The Medical Coding and Documentation Specialist is responsible for determining the appropriate procedural and diagnostic codes to patient records, as well as performing analysis of the codes utilized by providers and ensuring documentation supports the codes selected. This staff member will also serve as a coding consultant to other Institute staff.
1. Communicates documentation and coding standards to employees and respond to questions across a wide spectrum of specialties that have diverse criteria for billing and coding.
2. Visually reviews and/or audits documentation to ensure appropriate codes are assigned in accordance with the state and governmental coding and auditing rules and regulations.
3. Assists with ongoing departmental and individual education sessions to improve CPT4 and ICD-10 coding accuracy and adherence to compliance standards.

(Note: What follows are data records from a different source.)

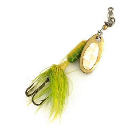 Le tonalità dell'oro e del verde dominano la tavolozza di questo Luhr Jensen Bang Tail 0, un cucchiaino rotante compatto dal peso di 3,5 g (1/8 oz). Sulla pala dorata, il nome "BANG TAIL" e la taglia "0" sono stampigliati insieme a un inserto riflettente testurizzato che fornisce un significativo contrasto visivo. Il corpo zavorrato presenta una vivace trama a nido d'ape verde su base gialla, che termina in un'ancoretta piumata vestita di un piumaggio chartreuse e giallo brillante. Lungo esattamente 5 cm (2"), questo artificiale prodotto negli USA è catalogato con il codice prodotto 7892. La componentistica è notevolmente pulita, inclusa la girella a barilotto integrata e le punte affilate dell'ancoretta. Questo esemplare riceve una valutazione di 5/5, poiché le piume sono flessibili e la finitura dorata rimane brillante e priva di macchie su tutta la struttura.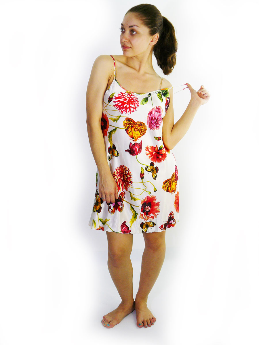 Сорочка приталенная, из атласной ткани, на нерегулируемых тонких бретелях,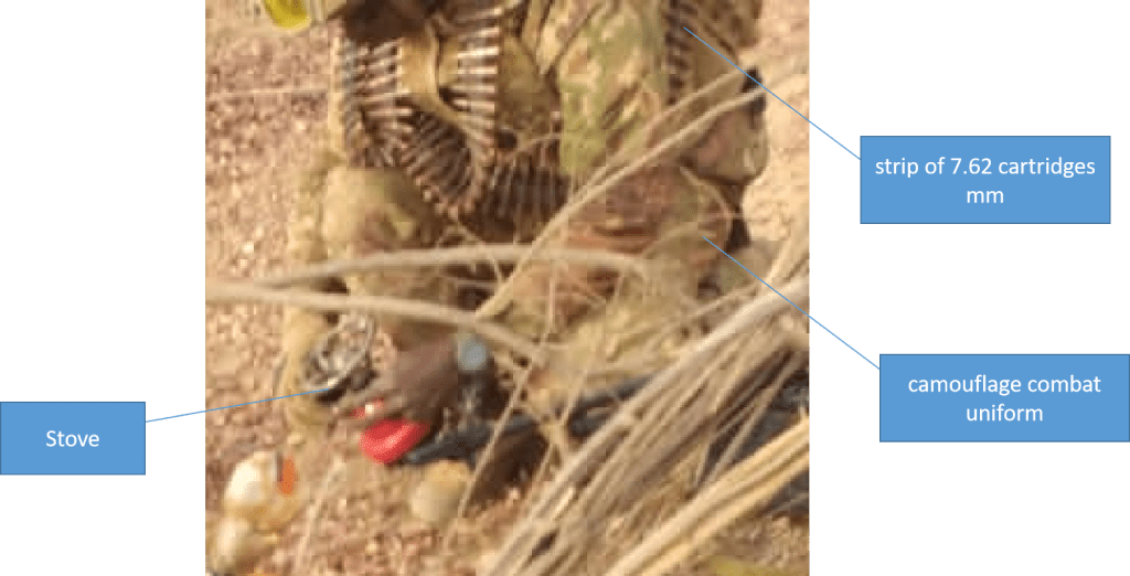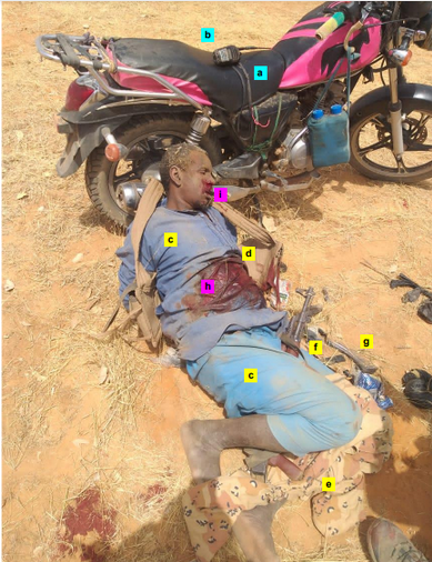 The image shows the body of a deceased young looking Black male (which will be referred to as “dead body 1”), resting on his back. The man is dressed and equipped in classic JNIM fighter uniform. We note: a characteristic black turban (a), a blue tunic (b), a khaki lined jacket (c), a combat harness in sand colour for AK (d) assault rifle munitions and next to the body a pair of protective glasses (e). The man appears to have suffered a wound with massive bleeding in the level of the abdomen (.f.), possibly by gunshot, which may have resulted in death. Around the body, we note also on his left a sand-coloured satchel apparently containing a small canister (g) and above his head small first aid items (two pairs of surgical scissors, tablets, a plastic syringe, various compresses) (h), which may suggest that a first aid kit has been opened.

4. Interacts with physicians and other patient care providers regarding billing and documentation policies, procedures, and regulations; obtains clarification of conflicting, ambiguous, or non-specific documentation.
5. Demonstrate knowledge of payer issues, documentation opportunities, clinical documentation requirements, and referral policies and procedures.
6. Inputs and maintains data on procedures required for state or other reporting.
7. Provides analysis of claim and/or appeal/denial issues, as needed.
QUALIFICATIONS:
Coding certification (AHIMA and/or AAPC) required. Apprentice level certification considered.
Certification in health care compliance is desirable.
EDUCATION:
Associate’s degree in Healthcare Administration, Nursing, or other clinical degree required. .
Bachelor’s degree in Healthcare Administration, Nursing, or other clinical degree preferred.
EXPERIENCE:
1 year of relevant experience required.
3 years of relevant experience preferred.